Geomembranes are thin plastic sheets that are essentially impervious and are used to prevent leakage from liquid or solid-storage facilities. Geomembranes are frequently referred to as Flexible Membrane Liners (FMLs) in environmental regulations, such as in Subtitle D of the Resource Conservation and Recovery Act.

==Overview==
Fabricated geomembranes are geomembranes that are flexible enough to be seamed or welded into large panels in a factory, folded, transported to the project site, unfolded without creasing or damage, and field seamed and tested as necessary. These geomembranes are relatively thin (usually less than 45 mils, [1.1 mm] thick), flexible, and can be reinforced with fabrics.
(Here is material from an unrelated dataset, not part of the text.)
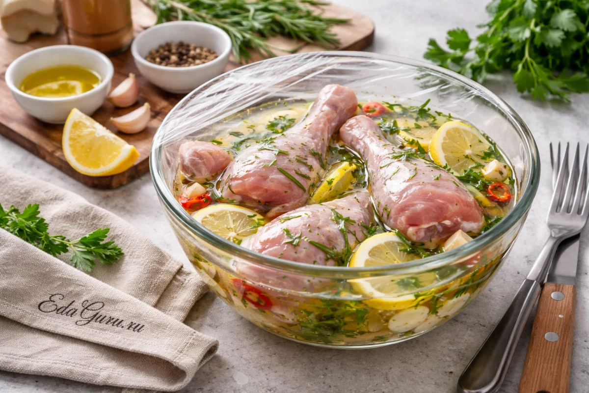 Рыбу или курицу опустите в маринад, уберите в прохладное место и оставьте на 30–60 минут.

Fabricated geomembranes can be accordion folded or rolled up to facilitate deployment and reduce double folds as shown in photographs.
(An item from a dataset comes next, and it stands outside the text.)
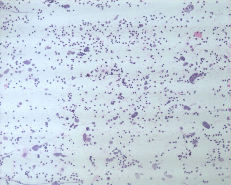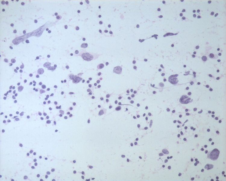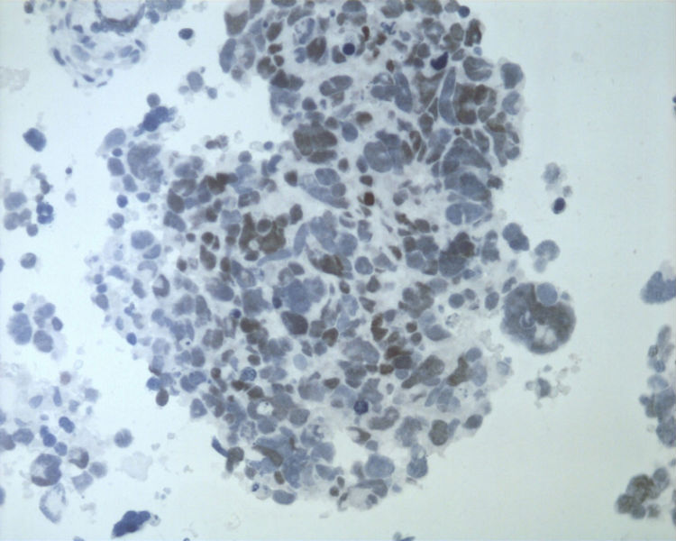 在细胞腊块没有出来前,我的确就首先考虑了肺的大细胞癌。因为核太大,太奇异。而染色质却相对比较均匀,而且部位又是在锁骨上,所以肺的大细胞癌的确是应该首先考虑。除了大细胞癌外,还有可能就是肺的肉瘤样癌,但后者缺乏一些梭形的肿瘤细胞。

Factory fabrication reduces field seaming by 70 to 90% depending on the geometry of the installation and weight of the geomembrane material used, which reduces field testing and patching, installation time, and overall cost. The panel size is limited only by the allowable shipping weight, which depends on the mode of transportation. The reduction of installation time and testing is particularly important in harsh environments which can extend the “field installation season”. Fabricated panels can be large enough to create “drop-in” liners that do not require any field seaming, testing, or patching which speeds installation and improves quality. Fabricated geomembranes also allow a more modular construction approach which results in less resources having to be committed to one location for an extended period, e.g., personnel and deployment, welding, and testing equipment. Modular construction also adds more predictability to project scheduling by reducing weather, transportation, site access, testing and data interpretation, and labor issues.

==Applications==
Fabricated geomembranes can be used for a variety of applications including in alphabetical order: aquaculture, baffle curtains, canals, decorative ponds, deicing fluid ponds, drill pad liners for oil and gas development, exposed or floating covers, fertilizer containment, golf course ponds, hydrocarbon containment, landfill liners and covers, mine tailings ponds and heap leach pads, reservoirs, sewage lagoons, tank liners, and wastewater ponds.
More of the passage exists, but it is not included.